Order Idempotency & Duplicate-Order Prevention Playbook (FIX/API)

Date: 2026-03-11
Category: knowledge
Domain: finance / execution engineering / trading operations

Why this matters

In live execution, the most expensive bug is often not a bad signal — it is a duplicated order.

Typical path:

you send an order,
ack is delayed or dropped,
your retry logic fires,
venue/broker treats retry as a new intent,
you get unintended extra exposure.

This is a reliability problem first, and a PnL problem immediately after.

Core principle

Treat order submission as an idempotent intent pipeline, not a best-effort message send.

Retries are inevitable.
Disconnect/reconnect is inevitable.
Sequence resets and replay flags happen.
Therefore duplicate-prevention must be a first-class control, not an afterthought.

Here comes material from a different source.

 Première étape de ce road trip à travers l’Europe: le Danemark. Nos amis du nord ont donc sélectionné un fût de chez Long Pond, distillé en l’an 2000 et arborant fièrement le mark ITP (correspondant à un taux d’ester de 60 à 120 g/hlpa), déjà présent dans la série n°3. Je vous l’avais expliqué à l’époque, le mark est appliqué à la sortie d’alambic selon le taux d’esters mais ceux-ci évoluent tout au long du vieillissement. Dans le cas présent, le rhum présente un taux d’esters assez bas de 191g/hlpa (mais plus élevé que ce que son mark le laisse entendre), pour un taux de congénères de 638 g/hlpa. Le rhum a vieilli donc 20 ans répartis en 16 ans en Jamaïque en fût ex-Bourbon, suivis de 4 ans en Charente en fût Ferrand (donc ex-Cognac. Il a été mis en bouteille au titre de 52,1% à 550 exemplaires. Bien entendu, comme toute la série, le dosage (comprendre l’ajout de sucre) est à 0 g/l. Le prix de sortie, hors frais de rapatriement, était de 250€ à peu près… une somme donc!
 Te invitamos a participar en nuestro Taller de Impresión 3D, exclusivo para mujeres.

Identifier semantics you must keep straight

1) `ClOrdID` (FIX Tag 11)

Client-assigned order identifier.
Must be unique at least within trading day; for multi-day flows, encode date/scope.
This is your primary idempotency key on outbound intent.

2) `OrigClOrdID` (FIX Tag 41)

Links cancel/replace request to previous client order ID.
Critical for lineage when modifying orders.

3) `OrderID` (FIX Tag 37)

Broker/venue-assigned order identifier.
Useful for downstream reconciliation, but not your submission idempotency root.

4) `ExecID` (FIX Tag 17)

Unique execution report identifier from sell-side.
Use for inbound dedupe/replay-safe fill processing.

5) `PossDupFlag` (43) / `PossResend` (97)

Signals that message may be retransmitted/replayed.
Your consumers must be safe under replay.

Failure modes that create accidental duplicates

Ack-timeout blind retry
- “No ack in X ms => send new order” without stable ClOrdID reuse policy.
Session reconnect with volatile ID generator
- ID sequence restarts after process crash/redeploy.
Cancel/replace race
- Replace submitted while original ack state is unknown; both legs become live.
Gateway failover split-brain
- Primary and standby both emit the same strategy intent independently.
Replay-unaware execution consumer
- Duplicate ExecutionReport counted twice in position/PnL.

Practical architecture (minimal but robust)

1) Intent Ledger (authoritative)

Before sending to broker, persist:

intent_id (internal UUID),
deterministic cl_ord_id,
symbol/side/qty/price/tif/account fingerprint,
lifecycle state (created -> sent -> acked/rejected/canceled/filled),
timestamps and route metadata.

Rule: no outbound send without durable ledger write.

2) Deterministic ClOrdID policy

Recommended pattern:

<strategy>-<yyyymmdd>-<session>-<monotonic-seq>-<short-checksum>

Rules:

sequence survives process restart,
never regenerate different ID for same intent,
never reuse old IDs inside safety retention window.

3) Retry contract

On timeout/uncertain state:

first action: query status (if supported),
retry with same idempotency identity,
only create new intent with explicit human/strategy decision.

4) Inbound dedupe keys

Maintain a processed set on ExecID (+ venue/session scope) and guard against replay.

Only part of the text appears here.